Encore une fois, c’est un goût acquis – celui qui convient probablement mieux aux amateurs de Tsuge. Manga Watakushi (forme d’autobiographie littéraire propre au Japon), où l’auteur laisse libre cours à sa mémoire, à son imagination et à sa toute-puissante libido. Katayama travaille des heures supplémentaires pour traduire les obsessions de Tsuge à l’écran, employant un style grandiose pour les scènes de guerre et une intimité élégante pour tout le sexe, qu’il soit réel ou fantasmé.
La romance potentielle au cœur de La luxure sous la pluie est porté par Narita et Nakamura, qui sont convaincants comme deux âmes perdues qui ne se connectent jamais vraiment.

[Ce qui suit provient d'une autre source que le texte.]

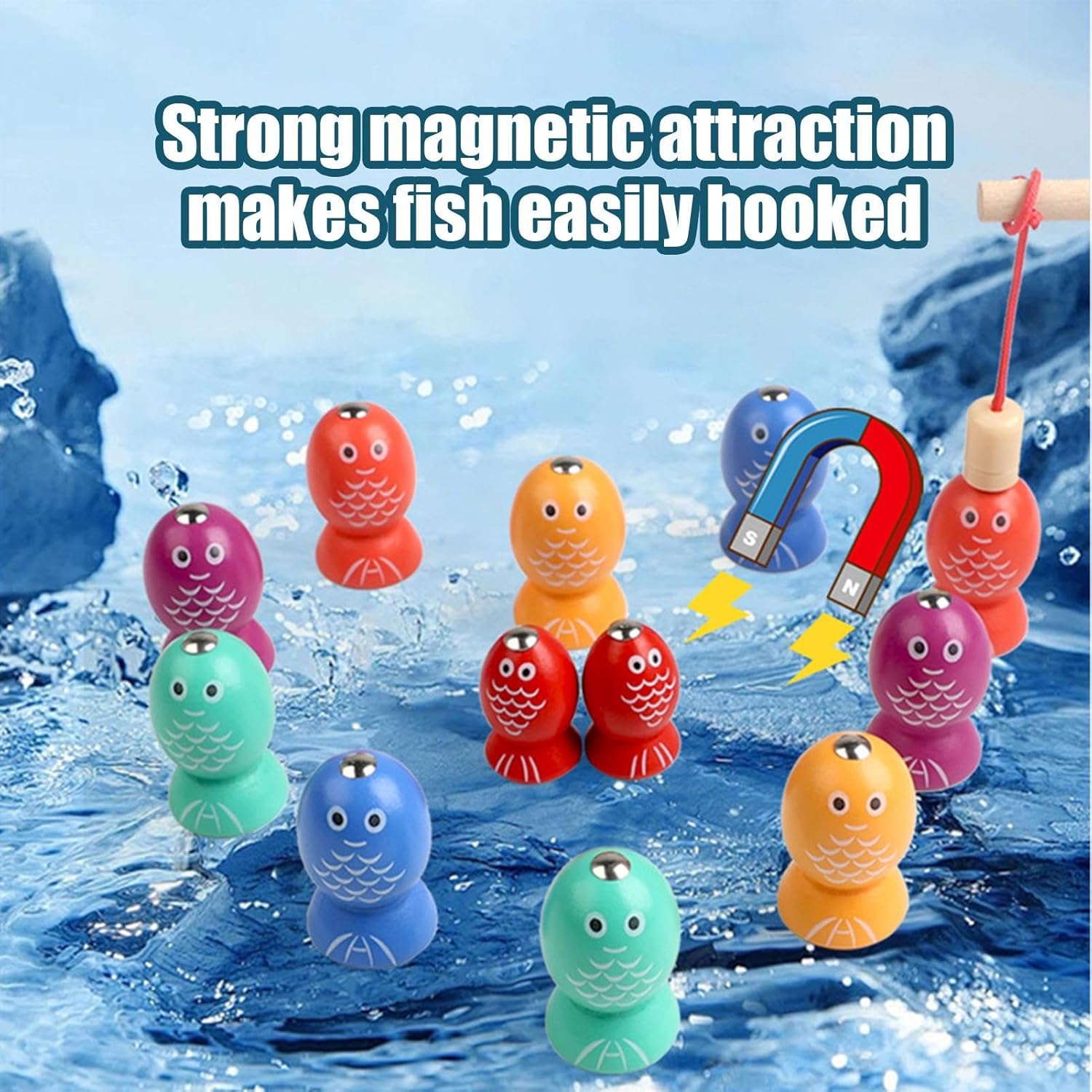 Partecipare al gioco sensoriale: progettato per funzionare come giocattoli sensoriali, questo gioco di pesca magnetico promuove l'esplorazione e l'apprendimento attivi, promuovendo la cognizione sensoriale e migliorando l'attenzione in modo interattivo Uso sicuro: dispone di vernice sicura e legno eccellente, fornendo tranquillità durante il tempo di gioco, sostenendo la responsabilità ambientale e una costruzione robusta Adatto per molte occasioni: il gioco di pesca magnetico è ampiamente utilizzato per ragazzi e ragazze dai 2 ai 6 anni, il che lo rende ideale per riunioni di famiglia e feste di compleanno promuovendo il divertimento e lo sviluppo delle abilità attraverso un gioco accattivante Divertenti attività interattive: questo gioco di pesca magnetica offre attività interattive e divertenti progettate per migliorare l'interazione sociale in modo educativo e divertente Edificio di destrezza: progredisce la coordinazione degli occhi, così come l'abilità motoria fine, utilizzando attività di pesca magnetica che incoraggiano il miglioramento delle abilità in un formato attraente per il tempo di gioco produttivo
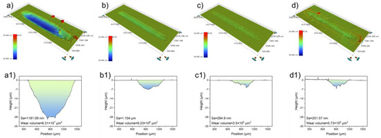 (a) 3D morphologies of the worn surface and the corresponding 2D height profile curves of (a,a1) pure PEI, (b,b1) PEI/PTFE, (c,c1) PEI/PTFE/5 wt% TA-WSe2, and (d,d1) PEI/PTFE/WSe2.
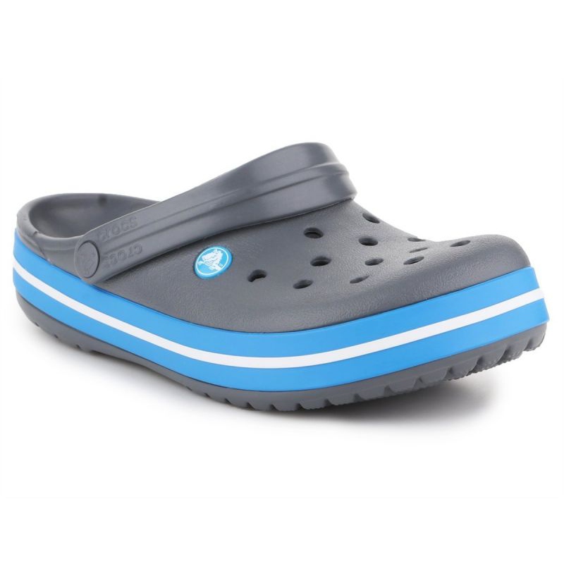 The Crocs Crocband women's slippers in 11016-07w are a light and practical proposition for the summer-for the beach, swimming pool and for everyday use. Their classic, minimalist design in gray with a blue accent matches many styles, and the characteristic heel strap ensures more reliable foot hold.

Le problème est qu’une grande partie du film repose sur un terrain fragile, on ne croit jamais à ce que l’on voit. Et si vous ne croyez pas, pourquoi devriez-vous vous en soucier ? Dans ses dernières sections, l’épopée intime de Katayama se déroule comme une version tordue du Le patient anglaisoù l’amour et la guerre se heurtent de manière folle. Et pourtant, les enjeux ne semblent jamais assez élevés.